My dad came on board when I explained that the liquid you drain every few days from the tap at the bottom of the bin is a great organic drain cleaner that controls smells and prevents algae build-up. You can also dilute it for use as plant feed, but it looked like the plants would have to go hungry. My dad has always had a thing about blocked drains. I think it’s a man thing. Using the bokashi drain cleaner might save them a small fortune on whatever gunk he normally chucks down the plughole, and it wouldn’t be a bad thing for the water system too.
I gave them the Bokashi bin and left them to it. Would they become bokashi fans or might it be too much change too soon?
At first Mum argued that there was no space on the kitchen worktop (what with her soup maker, bread maker, food processor etc) for the bokashi bucket so it was given a home on the patio table outside. After a few weeks, however, she didrearrange her worktop space to accommodate the Bokashi bin and the sky didn’t fall in.
No blocked drains
Dad expressed disappointment that he wasn’t getting the promised Bokashi drain cleaner. I explained it was quite normal to go a week at first without liquid while the process got going. Then he forgot to check for a few days and ended up with half a jugful of the stuff. He was highly delighted. I could tell no drains were going to get the chance to get blocked around these parts.

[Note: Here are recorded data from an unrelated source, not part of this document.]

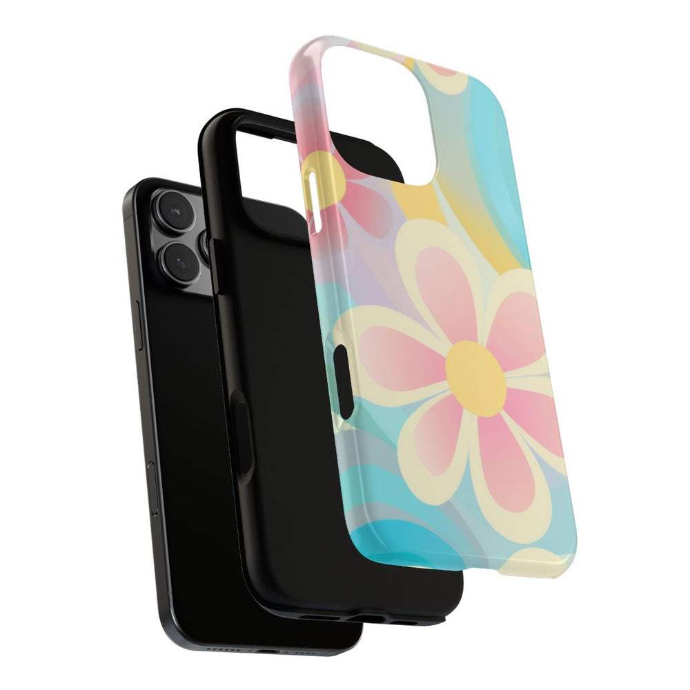 Dit hoesje heeft een opvallend bloemenpatroon met grote, gestileerde bloemen en sierlijke vormen. De zachte pasteltinten blauw, roze, geel en wit zorgen voor een frisse en vrolijke uitstraling. Het ontwerp ademt een retro sfeer uit de jaren 60 met vloeiende lijnen en een harmonieuze kleurencombinatie. Het hoesje is glanzend afgewerkt en bestaat uit twee lagen voor extra stevigheid en bescherming. Ondersteunt draadloos opladen en is bestand tegen weersinvloeden.
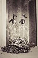 Sfeerbeeld van nostalgische spuitwaterflesse. Uitgevoerd in duotonen. Brocante. Nostalgie. Vervlogen tijden komen weer tot leven.
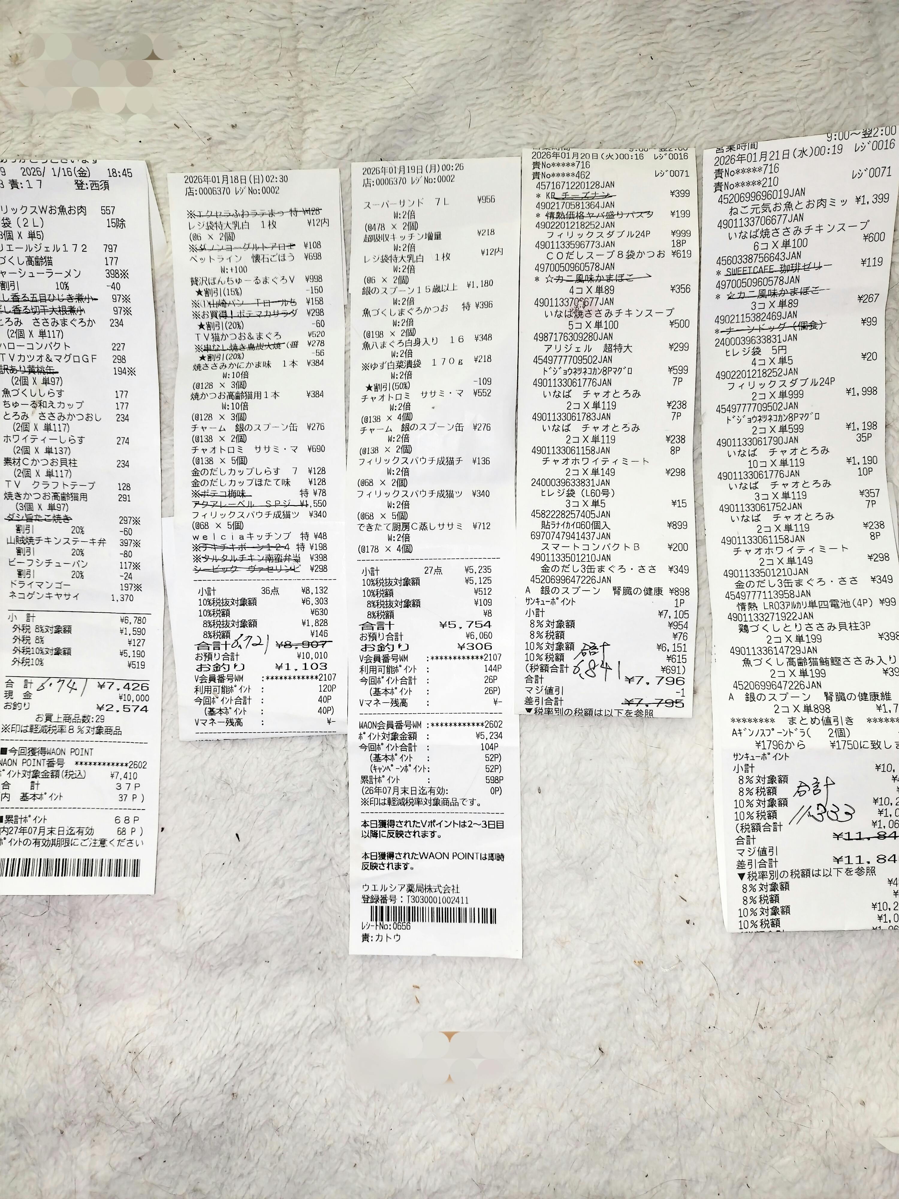 支援者様方のお陰様で、沢山の猫達のご馳走が買えました。本当に心から感謝致しています。自分の分を差し引いてありますので、少し見づらくなりました。大変申し訳ありません。
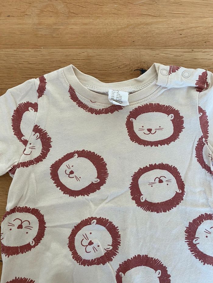 Tee shirt h&m a manches courtes avec motif « lion » Taille 9/12 mois : 80 cm
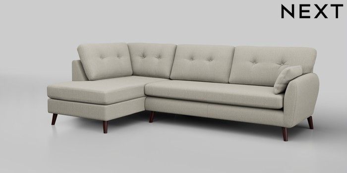 6.12.1 Buy Wilson Buttoned Back Large Corner Chaise - Left Hand Chunky Texture Oyster Retro Tapered - Dark Brown from the Next UK online shop Click here to use our accessible website

My parents reported that after a few early instances of forgetting they had a new food waste bin, they quickly got the Bokashi habit. It was now unthinkable for them to throw food waste in the normal kitchen bin, as they had done for the past 80 years.
Bokashi convert
Mum is now a complete Bokashi convert. She says she feels ‘empowered’ by being useful.
‘We all have to do something about the climate crisis,’ she says, ‘and this isn’t a lot to ask, especially when you consider the upsides.’
All that remained was to take a photo using Mum as a model for this blog, showing ‘People in their eighties getting the Bokashi bug’.
But when I turned up to take her photo, Mum had just been out and was looking very elegantly groomed – and not a day over 60.
I was dismayed. ‘You’re going to ruin my photo, you don’t look old.’
‘Really?’ she said, delighted. ‘You’d better use your dad then.’